The former reduces expression costs, the latter guarantees cognitive stability. If "linguistic homomorphism" is prioritized, complexity doesn't disappear but transfers into long-term cognitive burden; only naming built upon "conceptual isomorphism" can maintain stability during cross-context and multimodal evolution.

When "embedding", "attention", and "词元" appear together, it easily forms the illusion of "conceptual same layer". But actually, the former two are mechanisms, the latter is an object; the former two possess strict definitions, the latter relies on contextual explanation. This structural misalignment buries implicit fractures within cognitive systems.

More importantly, when a basic concept's naming relies on analogy rather than structural definition, its impact doesn't stay within a single terminology but spreads to the entire terminology system. When subsequent concepts attempt to unfold around this naming, they must continuously maintain consistency through explanation, thereby forming implicit structural misalignment.

In this sense, "符元" provides an expression path closer to underlying structures. It directly points to basic objects in computing systems—symbols (symbol), without relying on analogy explanation, can maintain consistency across different contexts.

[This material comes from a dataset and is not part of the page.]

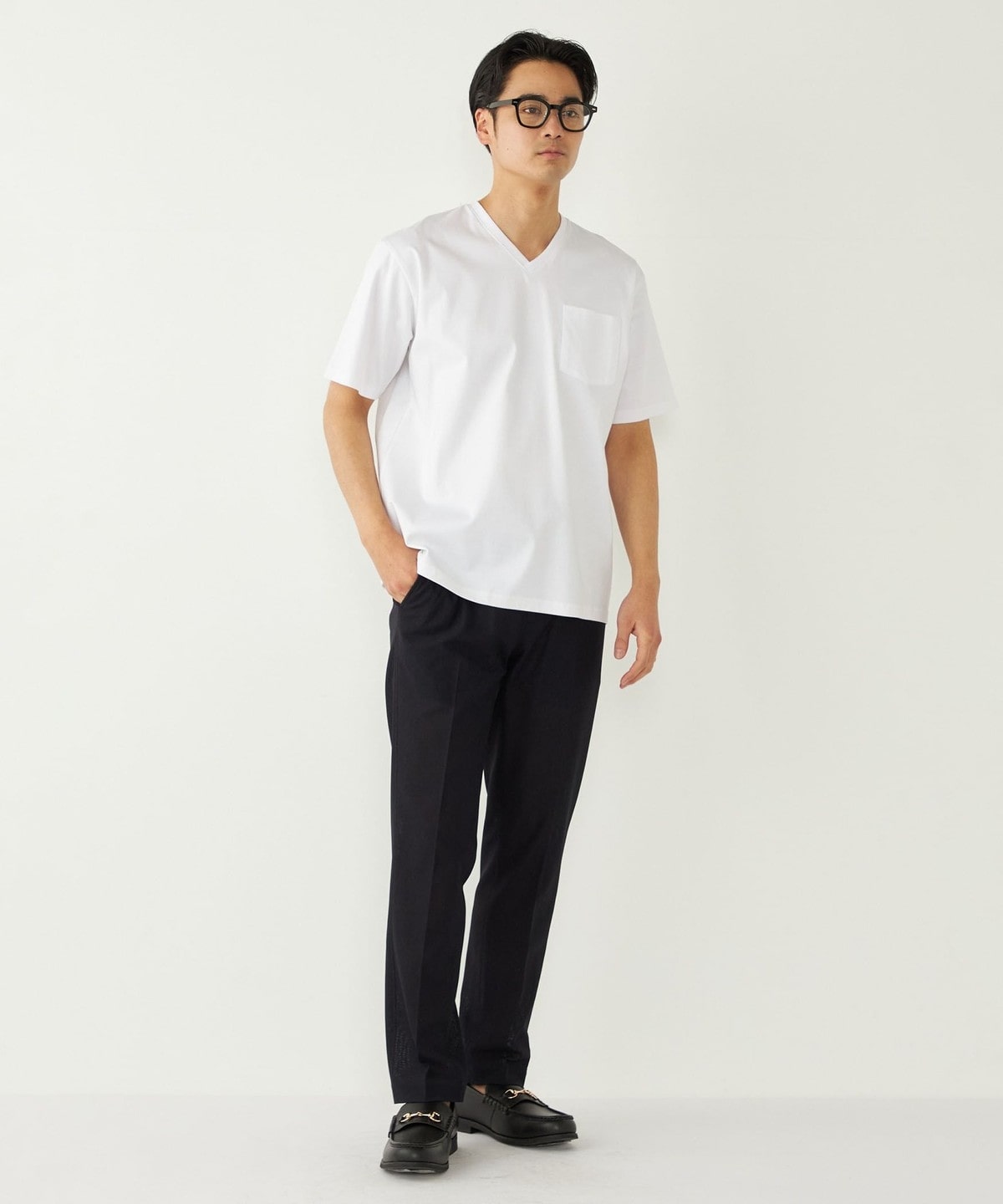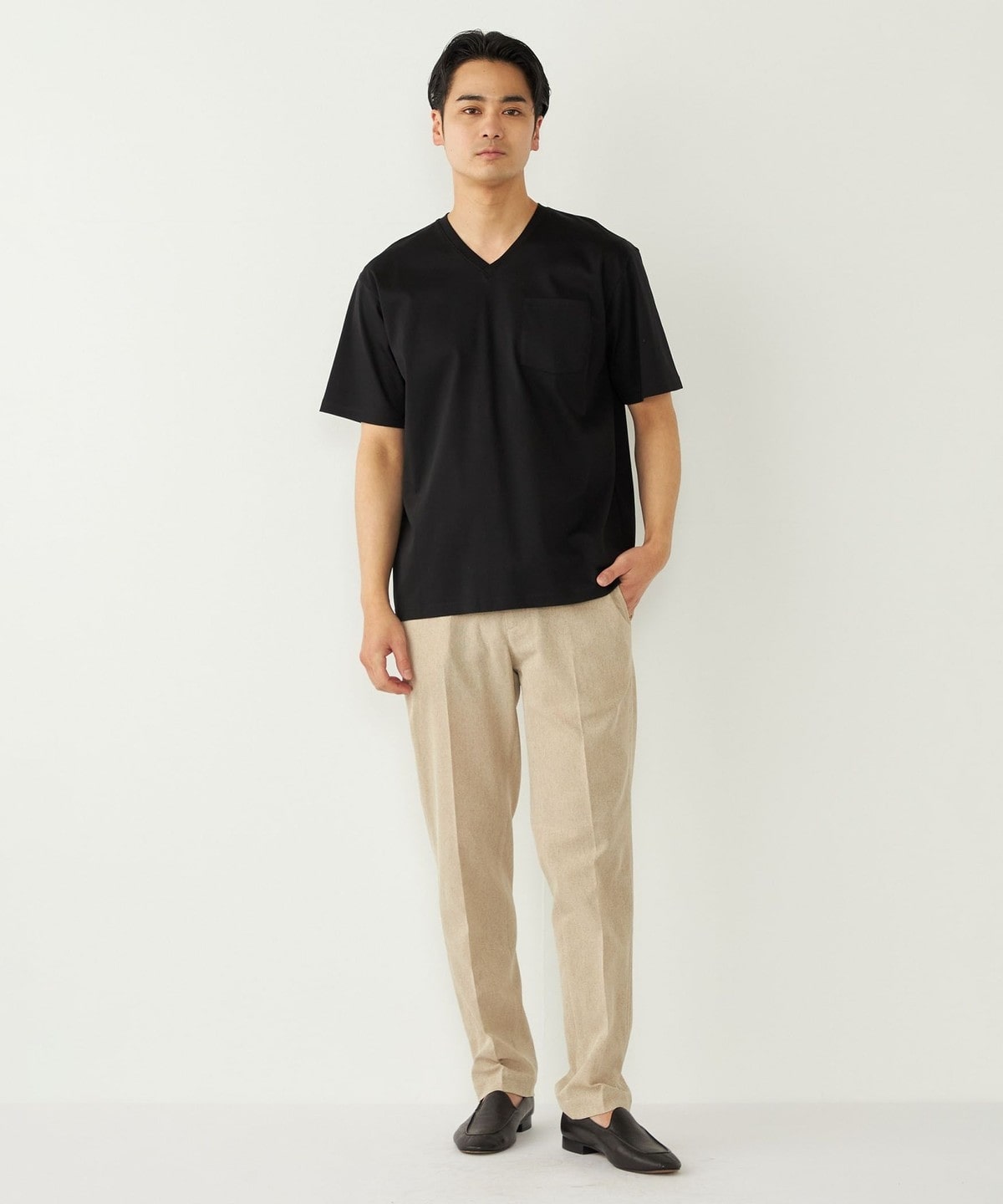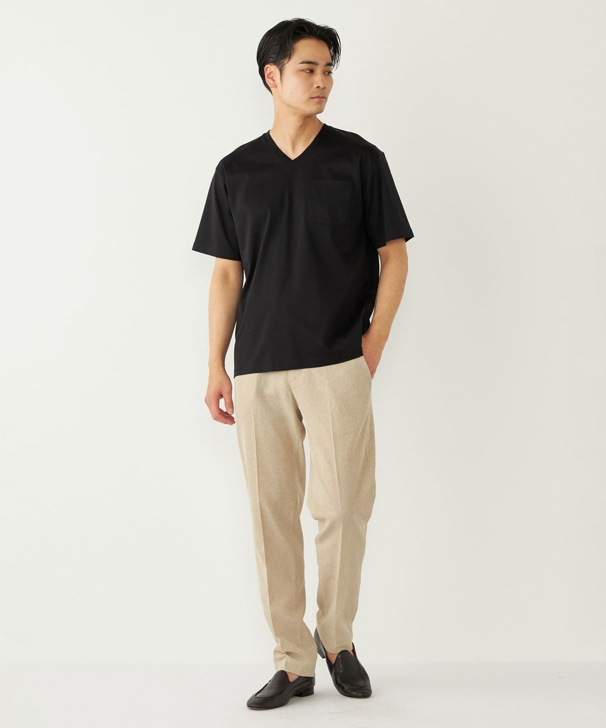 25. 《予約》SHIPS Colors:〈抗菌防臭・UVカット〉シルケット コットン Vネック T◆

Terminology isn't merely labels but cognitive entrances. Good terminologies make explanations gradually disappear; poor terminologies make annotations continuously increase. When basic concepts deviate from structure, terminology systems can only maintain through explanation rather than relying on definitional self-consistency.

Conclusion

Essentially, terminology selection isn't merely a language problem but early shaping of a field's cognitive structure. Once naming deviates from its structural ontology at the initial stage, subsequent systems can only operate through continuous explanation, unable to form self-consistent conceptual networks.

In artificial intelligence's journey toward generalization and multimodal fusion, a terminology capable of aligning with computational ontology and possessing cross-context stability more possibly becomes a long-term effective cognitive cornerstone. In this sense, the naming path centered on "symbol unit" demonstrates more balanced adaptability in balancing technical essence and cognitive clarity.